Now, eyeballing this code, it’s clear that further transformations are possible. In fact, the loop reduces to a single statement, i=4, and since the procedure returns nothing and has no side effects, it can be removed altogether! In this particular case, this is easy to see, but in general, the result will depend on the power of the analyses and the complexity of the programs.
You can’t be sure whether the “extra” code that you’ve been able to eliminate was inserted by a code obfuscator with the purpose of sowing confusion or was just the result of a really broken compiler. All you know is that you’ve been able to turn the raw sequence of bytes your boss gave you into a much simpler structured form and to get rid of some irrelevant code in the process.
The final step of your reverse engineering effort should be to take the transformed control flow graph and turn it into source code. The graph is so simple that this decompilation step is trivial. You get:
public static void P() { int i = 0; while (i<4) i++; }
Obviously, other source forms are possible, for example, using a for loop.
Now, turning raw bytes into readable source code is very helpful for a reverse engineer, but the process typically won’t stop when source code is generated. The final stage, extracting a deep understanding of the algorithms employed or modifying the code to bypass license checks, and so on, will often have to be done by hand.
In Chapter 2 (Methods of Attack and Defense), we’ll show you the general strategies that reverse engineers go through when they attack code in order to reveal its secrets or to make it perform tasks it wasn’t designed to do. In Chapter 3 (Program Analysis), we’ll delve into even more detail and discuss the many kinds of tools and analysis techniques available to your adversary.

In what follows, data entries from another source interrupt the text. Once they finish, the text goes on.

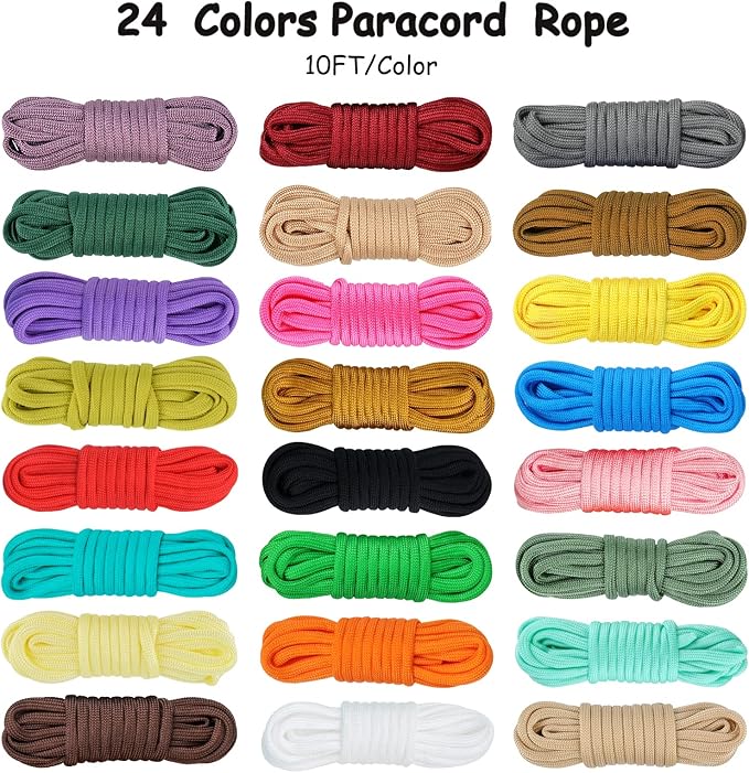 - 24 Colors Paracord Kit: This paracord set comes in 24 colors, each color is 10 feet long; The kit comes with paracord weaving instructions; For those who are just getting started, this is a great package for practicing paracord projects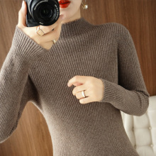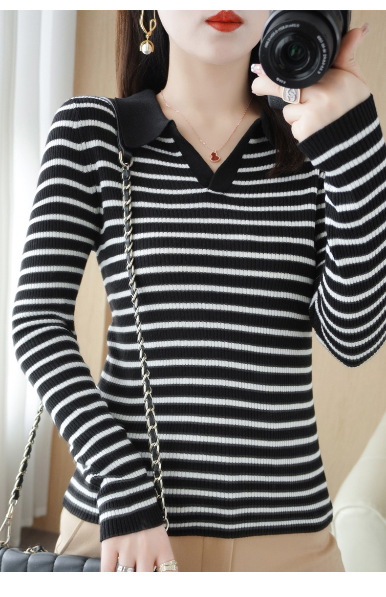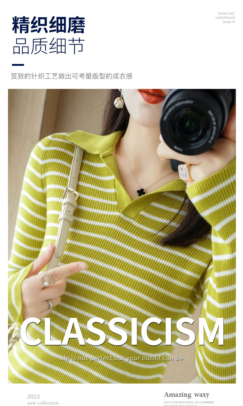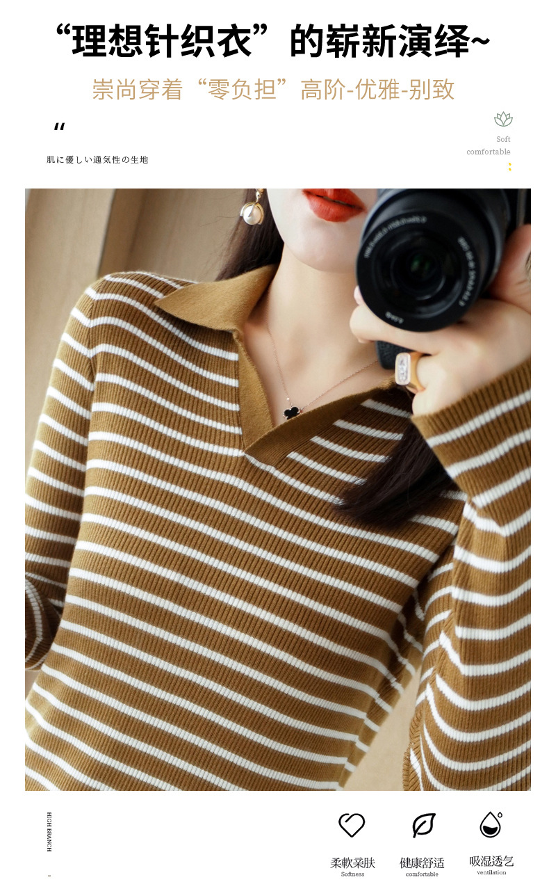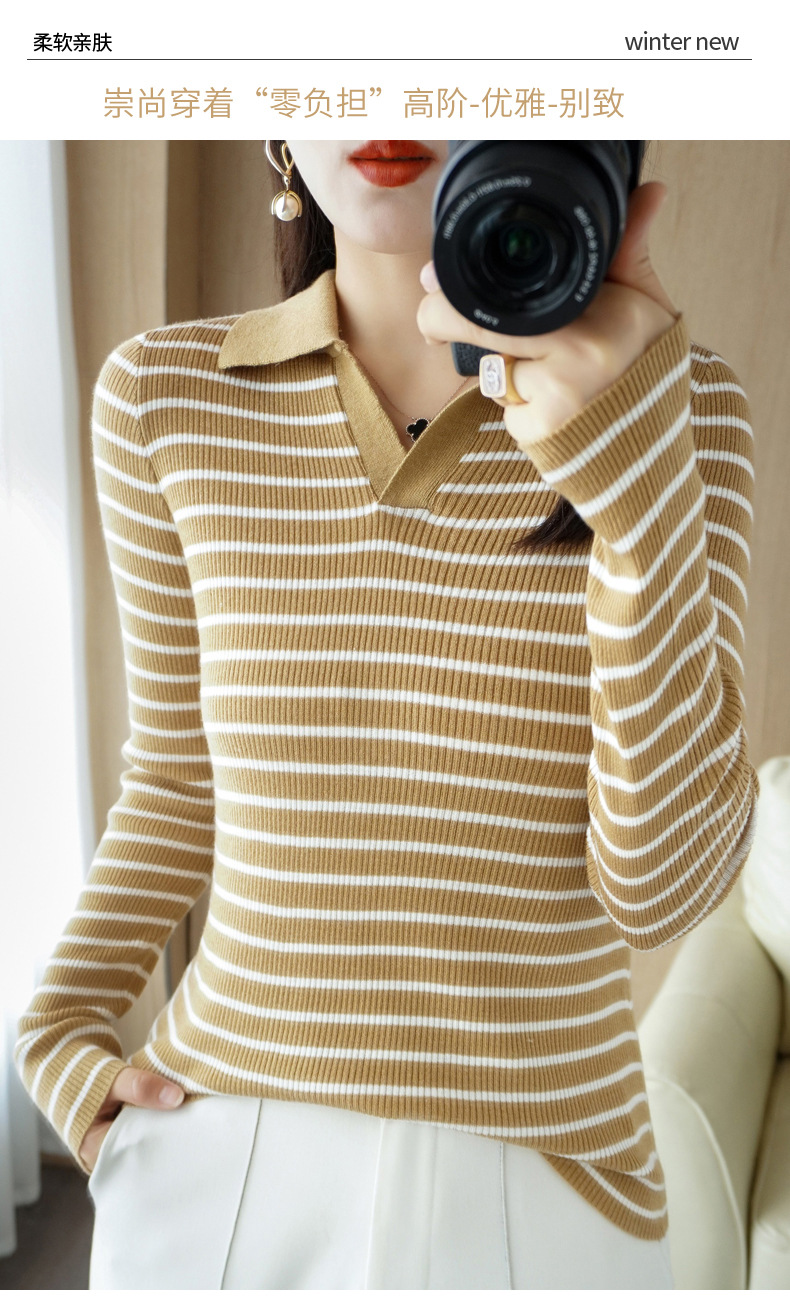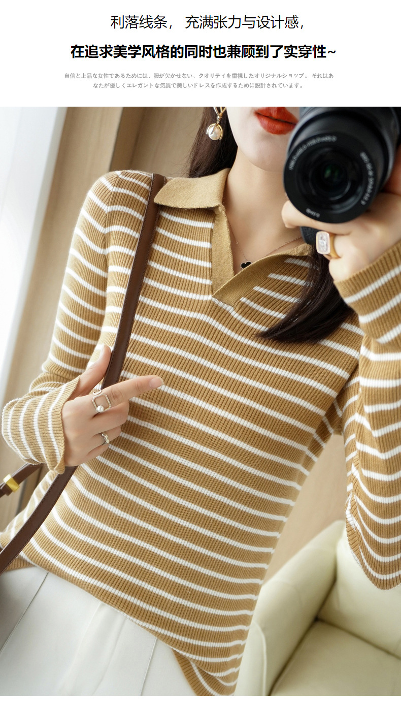 QHJY-JYPL2273 polo领针织衫衬衣女修身显瘦毛衣套头短款长袖外搭打底衫精纺羊毛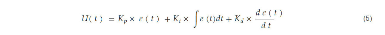 где U(t) обозначает количество управления, e(t) обозначает ошибку, Кр обозначает коэффициент пропорциональности, Ki обозначает коэффициент интеграции, и Kd обозначает коэффициент дифференциации.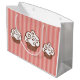 Rayas de caramelo rosado y bizcochos decoran esta bolsa de regalo de vacaciones. Esta bolsa es genial para todos los chicas, adolescentes, mujeres, cumpleaños, ducha de bebé, vacaciones, etc... El diseño es de arte original.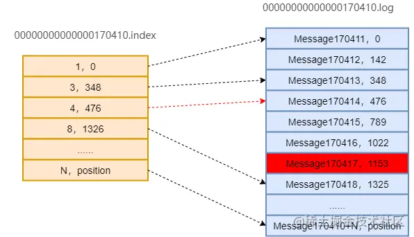 - 首先用二分查找确定它是在哪个Segment文件中,其中0000000000000000000.index为最开始的文件,第二个文件为0000000000000170410.index(起始偏移为170410+1 = 170411),而第三个文件为0000000000000239430.index(起始偏移为239430+1 = 239431)。所以这个offset = 170417就落在第二个文件中。其他后续文件可以依此类推,以起始偏移量命名并排列这些文件,然后根据二分查找法就可以快速定位到具体文件位置。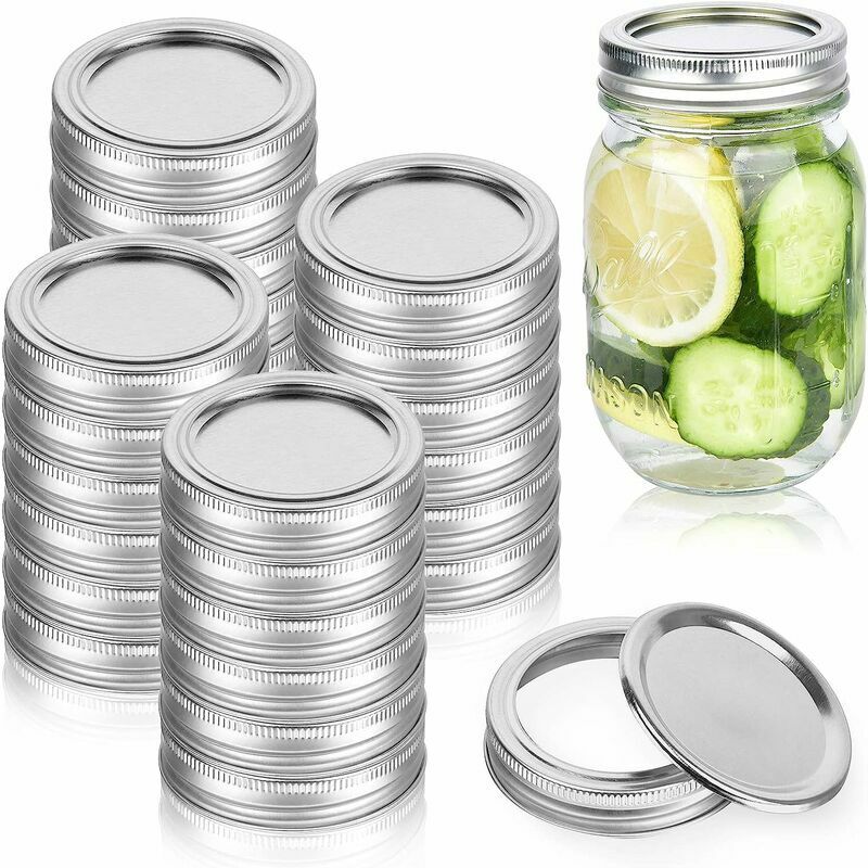 CONTENUTO DELLA CONFEZIONE: Riceverai una confezione di 24 coperchi e bande per conserve di tipo diviso (24 bande e 24 coperchi), e il diametro esterno della fascia è di 7 cm / 2,76 pollici e il diametro interno del coperchio è 5,5 cm / 2,2 pollici, quantità adeguata da utilizzare, sostituire e condividere con la tua famiglia o i tuoi amici. MATERIALE PREMIUM: I coperchi e le fasce dei barattoli sono realizzati in banda stagnata e il coperchio copre un anello in PVC ;

We will not simply present the off-the-shelf tools that happen to be available now, but will discuss those that could be built given currently known techniques. It’s much too easy to say, “Our software protection algorithm is secure because we’ve implemented it for dynamically linked x86 executables, and current decompilers only handle statically linked code.” A much more interesting statement would be, “This algorithm employs protection techniques that can cause code explosion in any decompiler, current and future.”